Recorded information below:

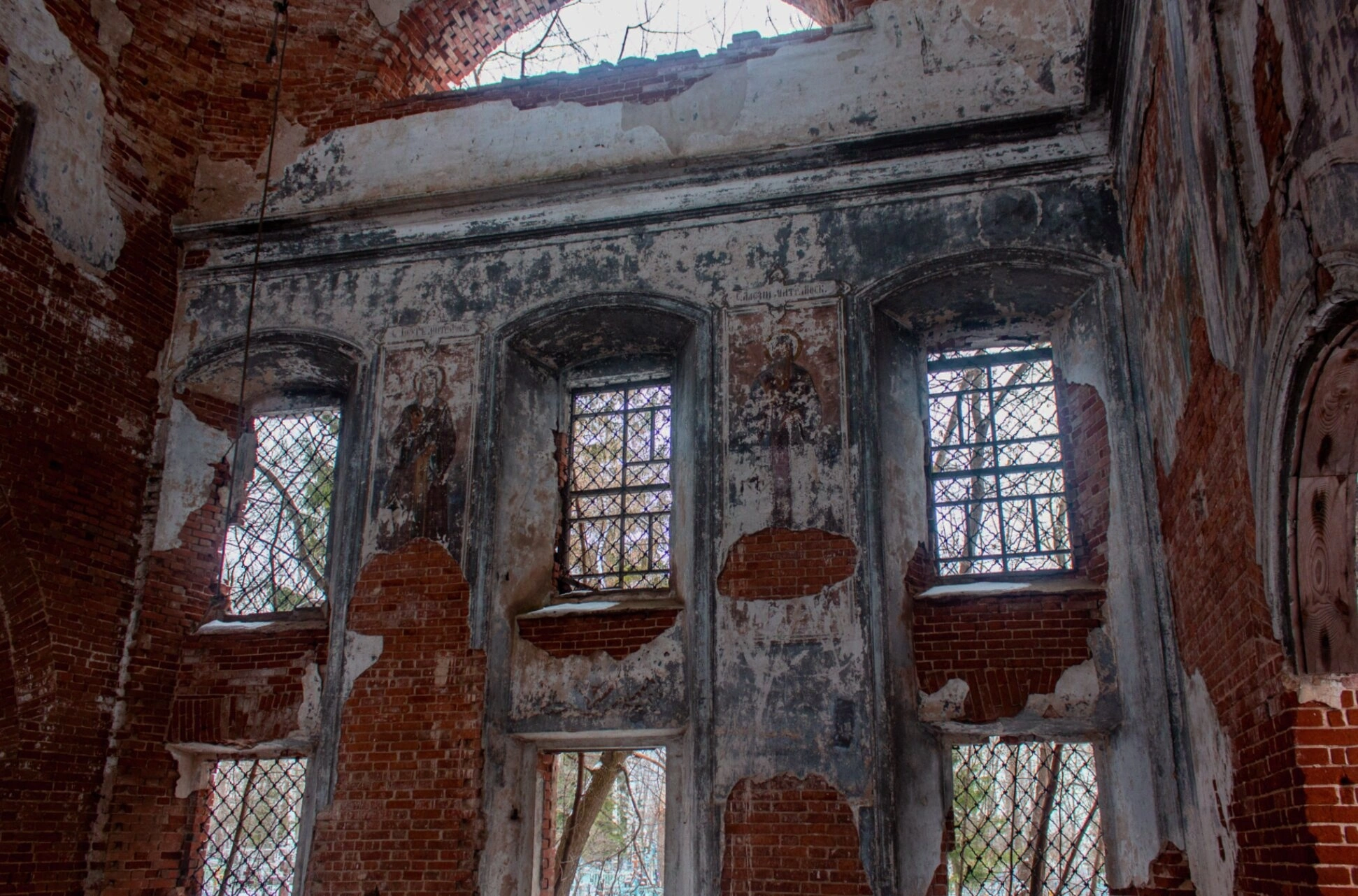 Сводчатый потолок храма значительно пострадал от разрушения, обнажив кирпичную кладку и деревянные конструкции. Это печальное зрелище напоминает о хрупкости земного бытия и необходимости сохранения духовного наследия.
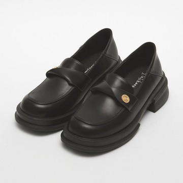 MAGY 小金釦扭結方頭真皮粗跟樂福鞋 黑色 #15783
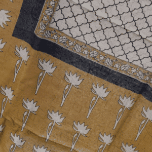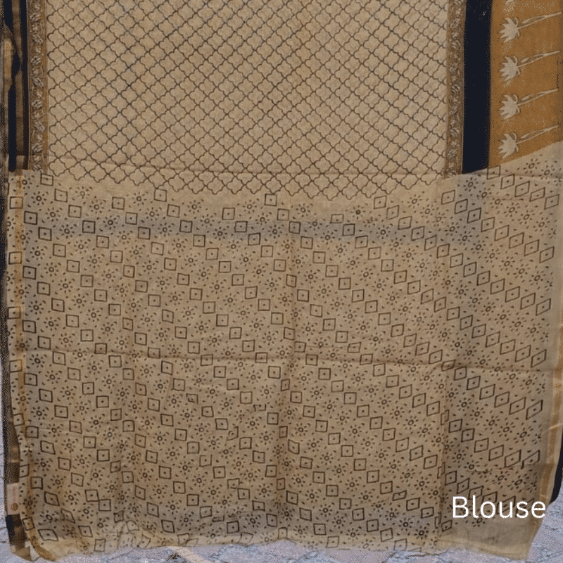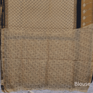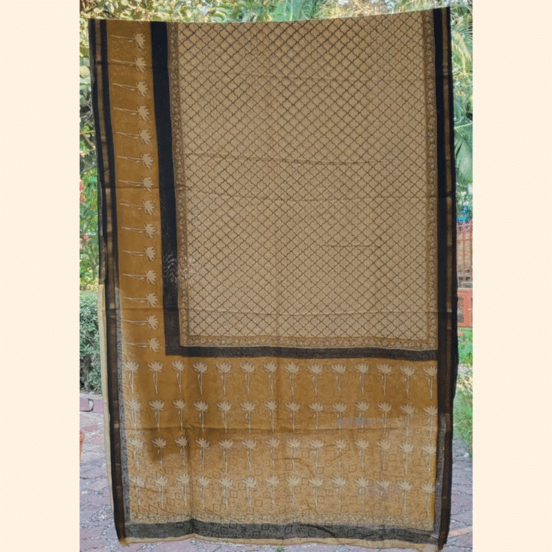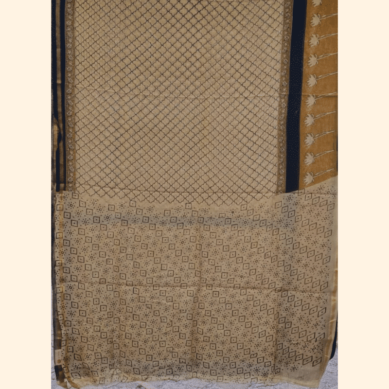 This Chanderi Saree features a refined beige body with delicate lattice motif, giving it a timeless appeal. The contrasting mustard aanchal, adorned with beige lotus pattern adds a graceful warmth and richness to the overall look. Accentuated with a black border highlighted in gold, the saree beautifully blends traditional craftsmanship with contemporary elegance. Lightweight and naturally lustrous, it drapes effortlessly—perfect for festive occasions or refined everyday wear.
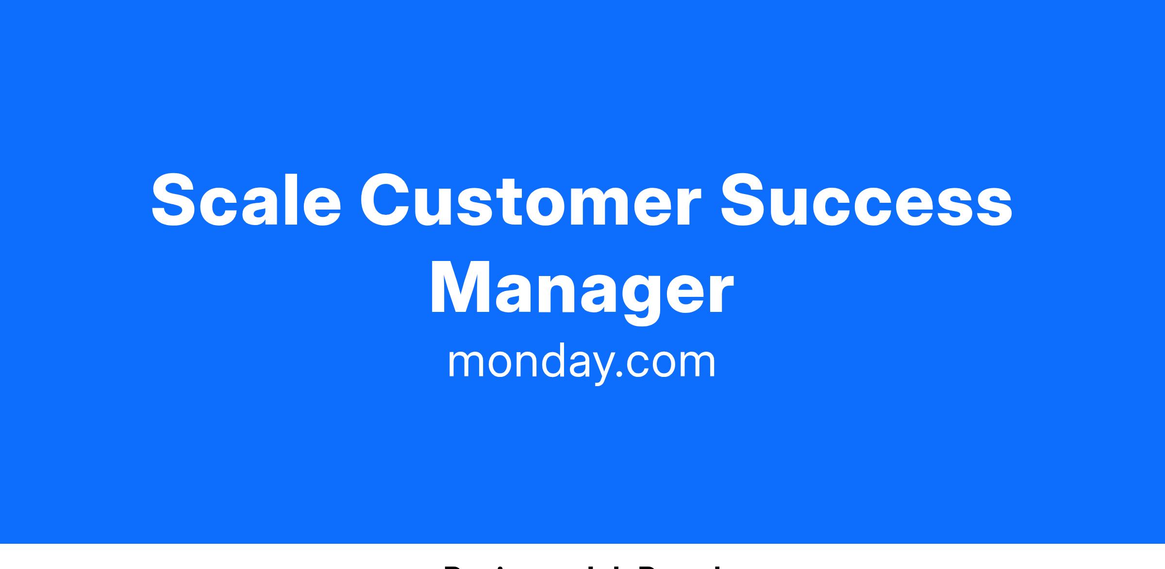 The Scale CSM is an exciting role at monday.com. Scale CSM’s work with customers either in 1:1 engagements for high-impact objectives or by running 1:many success programs to impact target customer groups. We use robust customer data to help identify ways we can deliver increased value through broader and more mature use of monday.com.
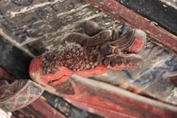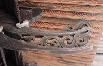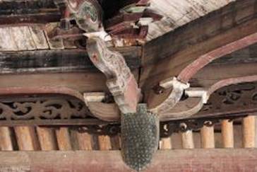 台柱柱头出两跳下昂承托双挑檐檩,昂头刻成装饰性象鼻状,两层昂间置卷草状装饰物。底层下昂上置斗承花板,花板镂雕卷草缠枝。顶层下昂置斗承托麻叶状耍头和外挑檐檩,檩下置月牙儿。戏台上为门厅屋面,前檐口施飞椽,檐椽椽身绘祥云纹,上压连檐板,雕刻如意卷草纹,飞椽断面呈方形。
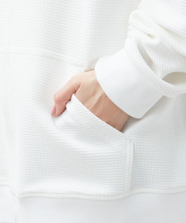 ふくれジャカード素材で仕立てたメンズフードパーカー。表情豊かな凹凸生地に、サーフ感のある刺しゅうとプリントを組み合わせたデザインが魅力です。程よいボリューム感で羽織りやすく、デニムやハーフパンツと合わせてハワイの空気を感じるカジュアルスタイルにおすすめです。
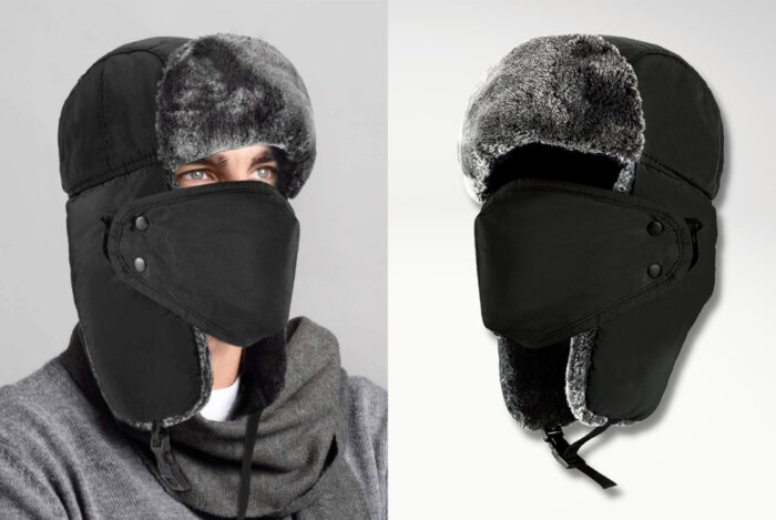 The hat is cut in the classic Russian pilot hat style, using a waterproof polyester shell and polyester fur insulation that will keep out even those sub-zero winds. It includes not only ear and forehead flaps, but also a removable (and washable) mask to shield your mouth and nose. Take it out snowboarding, shoveling, or sledding, and your head and face will never feel the cold.
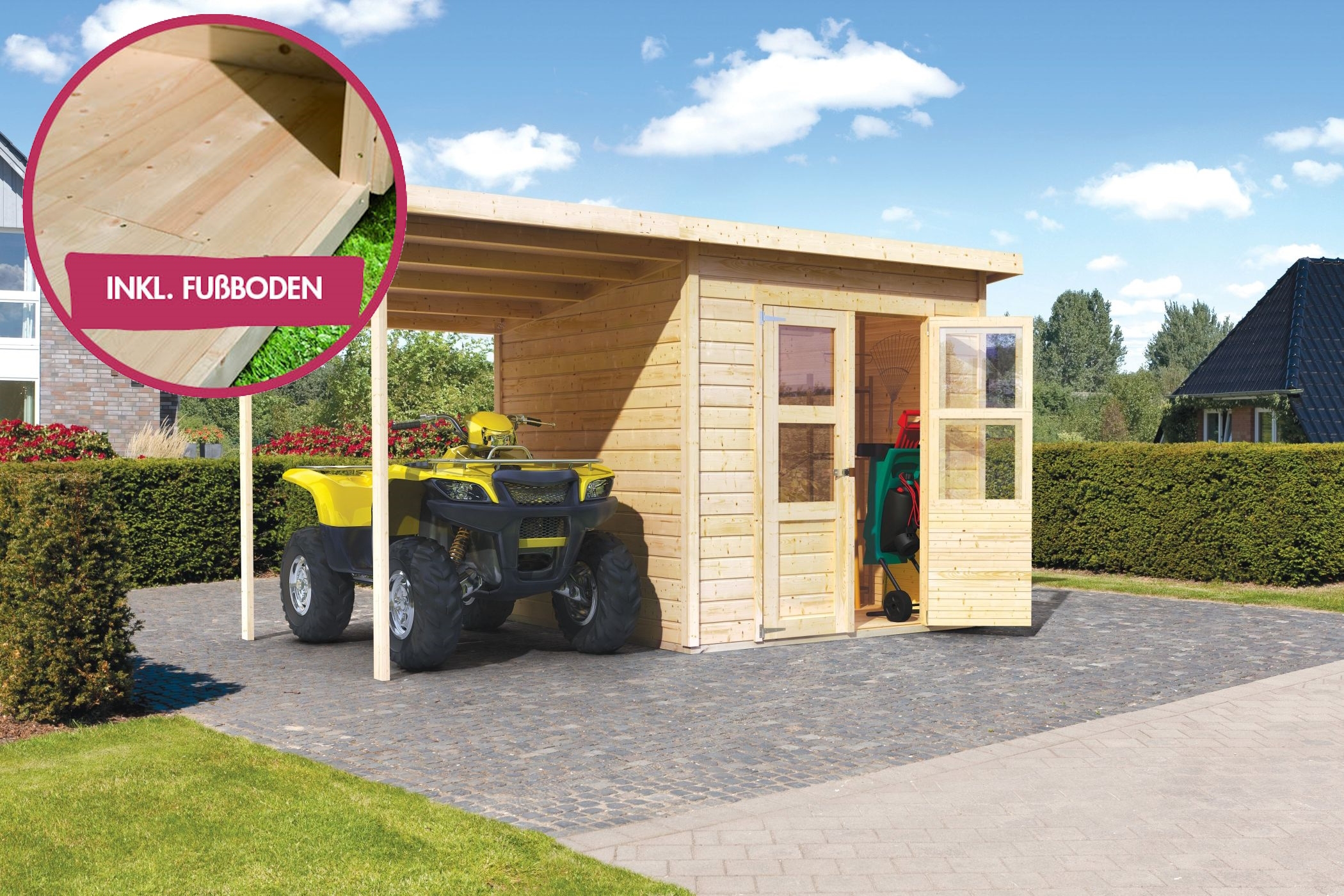 Das Gartenhaus Mollie C bietet ideal mit den Maßen von (BxT) 205 x 208 cm einen Ort um Ihre Gartengeräte oder aber die Spielzeuge der Kinder zu verstauen. Wenn dieser Platz jedoch nicht reichen sollte, können Sie optional noch das 166 cm breite Anbaudach sowie eine optional erhältliche Rückwand erwerben. Dieses könnte als Unterstand für Ihre Fahrräder dienen oder aber auch als kleine gemütliche Sitzecke genutzt werden, da es durch die Rückwand vor Wind und Wetter schützt. Das Haus kann durch sein naturbelassenes Holz von Ihnen einen individuellen Anstrich bekommen und somit sich in Ihr Garten perfekt integrieren. Vor der Witterung schützt das Pultdach, welches das Eindringen von Feuchtigkeit abhält. Für einen hellen und freundlichen Raum sorgt die moderne Doppelflügeltür die mit zwei Lichtausschnitten je Türflügel ausgestattet ist. Die Sicherheitsüberfalle ist zuständig für das unbefugte betreten Ihres Gartenhauses, womit Sie sich keine Sorgenn um das entwenden Ihrer Dinge machen müssen. Gestalten Sie das Gartenhaus Mollie C nach Ihren Wünschen und lassen Sie es ein Teil Ihres Gartens werden.

End of Recorded information.

_Problem description_. Only the text is to be copied: please reproduce the records exactly and drop the pictures.

_Result of the task_.
 Сводчатый потолок храма значительно пострадал от разрушения, обнажив кирпичную кладку и деревянные конструкции. Это печальное зрелище напоминает о хрупкости земного бытия и необходимости сохранения духовного наследия.
 MAGY 小金釦扭結方頭真皮粗跟樂福鞋 黑色 #15783
 This Chanderi Saree features a refined beige body with delicate lattice motif, giving it a timeless appeal. The contrasting mustard aanchal, adorned with beige lotus pattern adds a graceful warmth and richness to the overall look. Accentuated with a black border highlighted in gold, the saree beautifully blends traditional craftsmanship with contemporary elegance. Lightweight and naturally lustrous, it drapes effortlessly—perfect for festive occasions or refined everyday wear.
 The Scale CSM is an exciting role at monday.com. Scale CSM’s work with customers either in 1:1 engagements for high-impact objectives or by running 1:many success programs to impact target customer groups. We use robust customer data to help identify ways we can deliver increased value through broader and more mature use of monday.com.
 台柱柱头出两跳下昂承托双挑檐檩,昂头刻成装饰性象鼻状,两层昂间置卷草状装饰物。底层下昂上置斗承花板,花板镂雕卷草缠枝。顶层下昂置斗承托麻叶状耍头和外挑檐檩,檩下置月牙儿。戏台上为门厅屋面,前檐口施飞椽,檐椽椽身绘祥云纹,上压连檐板,雕刻如意卷草纹,飞椽断面呈方形。
 ふくれジャカード素材で仕立てたメンズフードパーカー。表情豊かな凹凸生地に、サーフ感のある刺しゅうとプリントを組み合わせたデザインが魅力です。程よいボリューム感で羽織りやすく、デニムやハーフパンツと合わせてハワイの空気を感じるカジュアルスタイルにおすすめです。
 The hat is cut in the classic Russian pilot hat style, using a waterproof polyester shell and polyester fur insulation that will keep out even those sub-zero winds. It includes not only ear and forehead flaps, but also a removable (and washable) mask to shield your mouth and nose. Take it out snowboarding, shoveling, or sledding, and your head and face will never feel the cold.
 Das Gartenhaus Mollie C bietet ideal mit den Maßen von (BxT) 205 x 208 cm einen Ort um Ihre Gartengeräte oder aber die Spielzeuge der Kinder zu verstauen. Wenn dieser Platz jedoch nicht reichen sollte, können Sie optional noch das 166 cm breite Anbaudach sowie eine optional erhältliche Rückwand erwerben. Dieses könnte als Unterstand für Ihre Fahrräder dienen oder aber auch als kleine gemütliche Sitzecke genutzt werden, da es durch die Rückwand vor Wind und Wetter schützt. Das Haus kann durch sein naturbelassenes Holz von Ihnen einen individuellen Anstrich bekommen und somit sich in Ihr Garten perfekt integrieren. Vor der Witterung schützt das Pultdach, welches das Eindringen von Feuchtigkeit abhält. Für einen hellen und freundlichen Raum sorgt die moderne Doppelflügeltür die mit zwei Lichtausschnitten je Türflügel ausgestattet ist. Die Sicherheitsüberfalle ist zuständig für das unbefugte betreten Ihres Gartenhauses, womit Sie sich keine Sorgenn um das entwenden Ihrer Dinge machen müssen. Gestalten Sie das Gartenhaus Mollie C nach Ihren Wünschen und lassen Sie es ein Teil Ihres Gartens werden.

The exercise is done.